• [PROBLEM DETAILS] What you return must be an exact copy of the lines in the listing below between the line holding "毎朝、校舎の東側と西側のとこ" and the line holding "青志协成员严文荟向居民分享中", inclusive, and nothing more.

• [DATA EXCERPTS]

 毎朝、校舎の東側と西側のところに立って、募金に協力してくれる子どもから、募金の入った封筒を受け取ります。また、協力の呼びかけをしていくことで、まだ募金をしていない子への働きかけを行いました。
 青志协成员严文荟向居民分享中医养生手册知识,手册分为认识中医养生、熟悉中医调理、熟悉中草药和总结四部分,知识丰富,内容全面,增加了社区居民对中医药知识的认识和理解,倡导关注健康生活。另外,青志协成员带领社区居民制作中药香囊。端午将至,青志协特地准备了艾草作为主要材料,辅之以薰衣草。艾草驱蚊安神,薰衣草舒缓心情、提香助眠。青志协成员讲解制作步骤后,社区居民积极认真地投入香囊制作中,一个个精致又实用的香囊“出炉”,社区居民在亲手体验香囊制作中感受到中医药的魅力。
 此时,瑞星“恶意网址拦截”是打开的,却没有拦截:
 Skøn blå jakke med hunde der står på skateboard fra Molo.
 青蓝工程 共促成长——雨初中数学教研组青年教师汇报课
---
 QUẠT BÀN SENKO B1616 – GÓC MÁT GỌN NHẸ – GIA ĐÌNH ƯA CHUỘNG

• [RESPONSE FOR THIS EXERCISE]
 毎朝、校舎の東側と西側のところに立って、募金に協力してくれる子どもから、募金の入った封筒を受け取ります。また、協力の呼びかけをしていくことで、まだ募金をしていない子への働きかけを行いました。
 青志协成员严文荟向居民分享中医养生手册知识,手册分为认识中医养生、熟悉中医调理、熟悉中草药和总结四部分,知识丰富,内容全面,增加了社区居民对中医药知识的认识和理解,倡导关注健康生活。另外,青志协成员带领社区居民制作中药香囊。端午将至,青志协特地准备了艾草作为主要材料,辅之以薰衣草。艾草驱蚊安神,薰衣草舒缓心情、提香助眠。青志协成员讲解制作步骤后,社区居民积极认真地投入香囊制作中,一个个精致又实用的香囊“出炉”,社区居民在亲手体验香囊制作中感受到中医药的魅力。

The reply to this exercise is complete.